I will take a look through the thread on that subject.

Sorry, time to leave the board.

-finn

I do see it that way, i.e., that it's healthy to be suspicious although I guess I prefer the milder term "skeptical." Here's the rub: My skepticism is omni-directional, and that really bugs people who think that they should somehow be immune from skepticism on the grounds that they have gentle good karma or something. Wanna feel like the proverbial turd in the punchbowl? Tell a vegan that you think it's a waste of time; that you sort of like being at the top of the food chain; and that those gentle smart dolphins are the gang rapists of the ocean.
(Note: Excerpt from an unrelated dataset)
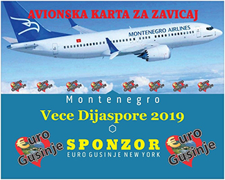 EURO GUSINJE- Povratna avionska karta; Sponzor za Veče Dijaspore 2019 - Nedelja, 8. dec, 2019. god (16. novembar 2019)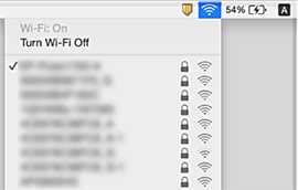 コンピューター画面上部にあるWi-Fiアイコンをクリックします。SSIDのリストが表示されるので、チェックマークが付いた(接続済み)SSIDを確認します。

I don't know if you've ever heard of or read anything by H.L. Mencken, an American journalist who made skepticism a high art in the 1930s. He didn't spare anyone. He came from a long line of folk skeptics before him, including the granddaddy of all of them, Mark Twain. That's where I'm coming from. The American phrase is: Don't take any wooden nickels. Bulls*** doesn't smell any sweeter because it came from your own cattle.

To me, the alt-med crowd makes wonderful fodder for skepticism. Say what you will about the drug companies, but they generally make things that work. And for all the hoo-hah about "Western medicine" and how inadequate it is, I see very few people boasting of being cured by shamans and priests, and even fewer such cures holding up to inspection.


I think there should be clinical trials of these "better" meds, and I agree that the reasons for a lack of such trials ought to be a front-and-center issue for debate.


I have read the article. At first glance it seems really promising. I'm going to talk to my neurologist about it, and I'm going to read it a few more times before offering further comment.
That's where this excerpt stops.